Leave the pictures out and reproduce all the entries word for word.

Data items
● ● ● ● ● ● ●

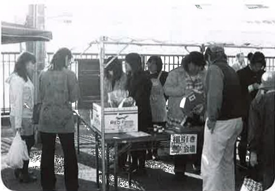
▲何が当たるだろう?

おかげさまで多くの方々にご来場いただき、秋の一日をみなさん楽しく過ごしていただけたことと思います。また来年も皆様にお会いできることを楽しみにしています。
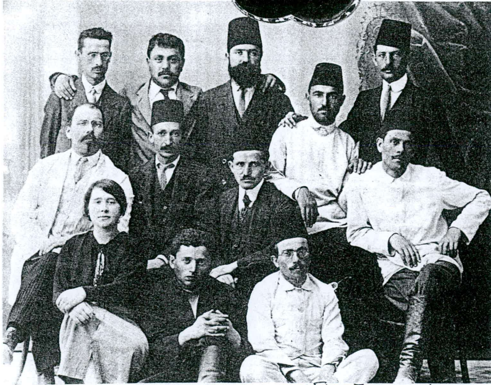
בן צבי וכן גוריון/צעת הגירוש מהארץ [אם אה?]

X1 התורכים בשורת גזרות קשות על היהודים: גירושים מן הארץ, איסור הציונות, גיוס תושבים יהודים ליחידות עבודה מקומיות, החרמת בהמות עבודה ותבואה במושבות, [הגליית החושבים היהודים החליטו] הגדודים היהודיים המתנדבים. עם הכיבוש נקבע בארץ שלטון צבאי בריטי, שנתמשך עד יולי 1920 - כשאל ארץ-ישראל הגיע הנציב העליון האזרחי הראשון (היהודי) ד"ר הרברט סמואל. [אם אה?]
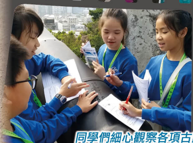
同學們細心觀察各項古蹟，又專心聆聽導賞員講解，並把保育資料記錄在學習冊內。
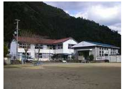
廃校となった地区の小学校
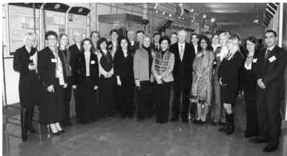
Участники XVI заседания Комитета EUROSAI по подготовке кадров.
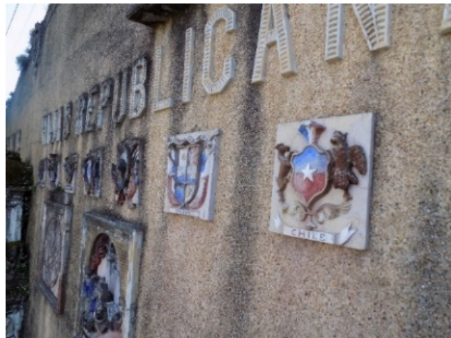
Figura 19. Muro con escudos de países de América del Sur.

● ● ● ● ● ● ●

WRITTEN ANSWER:
▲何が当たるだろう?

おかげさまで多くの方々にご来場いただき、秋の一日をみなさん楽しく過ごしていただけたことと思います。また来年も皆様にお会いできることを楽しみにしています。
בן צבי וכן גוריון/צעת הגירוש מהארץ [אם אה?]

X1 התורכים בשורת גזרות קשות על היהודים: גירושים מן הארץ, איסור הציונות, גיוס תושבים יהודים ליחידות עבודה מקומיות, החרמת בהמות עבודה ותבואה במושבות, [הגליית החושבים היהודים החליטו] הגדודים היהודיים המתנדבים. עם הכיבוש נקבע בארץ שלטון צבאי בריטי, שנתמשך עד יולי 1920 - כשאל ארץ-ישראל הגיע הנציב העליון האזרחי הראשון (היהודי) ד"ר הרברט סמואל. [אם אה?]
同學們細心觀察各項古蹟，又專心聆聽導賞員講解，並把保育資料記錄在學習冊內。
廃校となった地区の小学校
Участники XVI заседания Комитета EUROSAI по подготовке кадров.
Figura 19. Muro con escudos de países de América del Sur.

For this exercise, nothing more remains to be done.